I plan to experiment with combining multiple LoRAs and testing how well they perform on ControlNet. I've used it before and achieved some great results, but I'll play around with it some more β perhaps that could be an addendum to this, more of a spin-off than a mainline entry. There's also the possibility of continuing the training to 20 epochs and trying to reduce the artifacting in older trained LoRAs by combining them with more generic ones to generate something better. I don't have a clear plan yet, as I need to think about what I'm actually looking for in a final image generation. How am I internally scoring what I'm seeing? Honestly, there's no scientific measurement; it's all about my gut feelings.

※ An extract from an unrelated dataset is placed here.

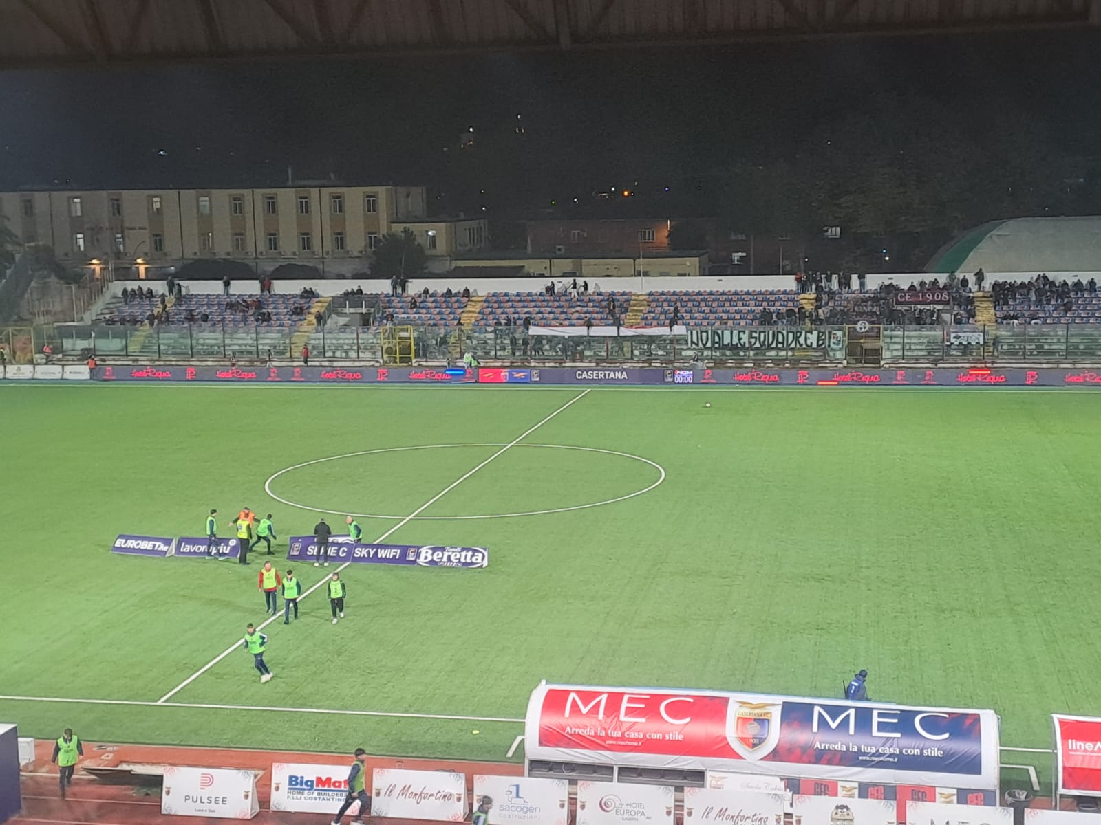 Un istante dopo, è Kontek che salva sulla linea su colpo sicuro di Guerini. All’intervallo è 1-0, decide Casarotto al 35°. Al 51° Toscano innesta Llano che si inserisce a meraviglia ma non riesce a battere Vismara in scivolata. Un minuto dopo, la Casertana salva per la terza volta sulla linea, questa volta è Liotti a salvaguardare il vantaggio rossoblù. Al 53° Casarotto non sfrutta l’occasione per la doppietta personale ma Vismara è bravo in uscita a chiudergli lo specchio della porta. Al 74° Casarotto manca ancora l’occasione per il raddoppio, con il numero 90 che tende ad allargarsi e tira quasi debolmente e Vismara sputa la sfera in angolo. All’85° l’Atalanta rimane in 10 per fallo da ultimo uomo di Obric su Casarotto, che si sarebbe potuto trovare da solo a tu per tu con Vismara. Al 97° Kontek salva in scivolata su Cisse, salvando i falchetti che conquistano 3 punti d’oro, a -1 dal Cosenza quarto

I've pondered this quite a bit β since the majority of my images are close-ups of her face, I ran through all the LoRAs in this session again using the "close_up" tag. For the most part, none of them did a terrible job on the face, except for v1_25, which was a disaster. V1_24 was decent in a close-up scenario.
I've also considered my training images. Since I don't have any official high-res artwork, it's a bit tricky. Maybe I'll generate and tag a second image set, build it out, and compare the results. My feelings are mixed: if it was too easy, I'd lose interest, but because it's a challenge that keeps me on my toes, I can't help but want more β practical use case be damned. Plus, there's the constant thought of how to bring my results closer to my vision once I achieve them. Is the current tech sufficient? Maybe in the near future, we'll have better models or training techniques, and all this will be obsolete. But for now, the journey continues.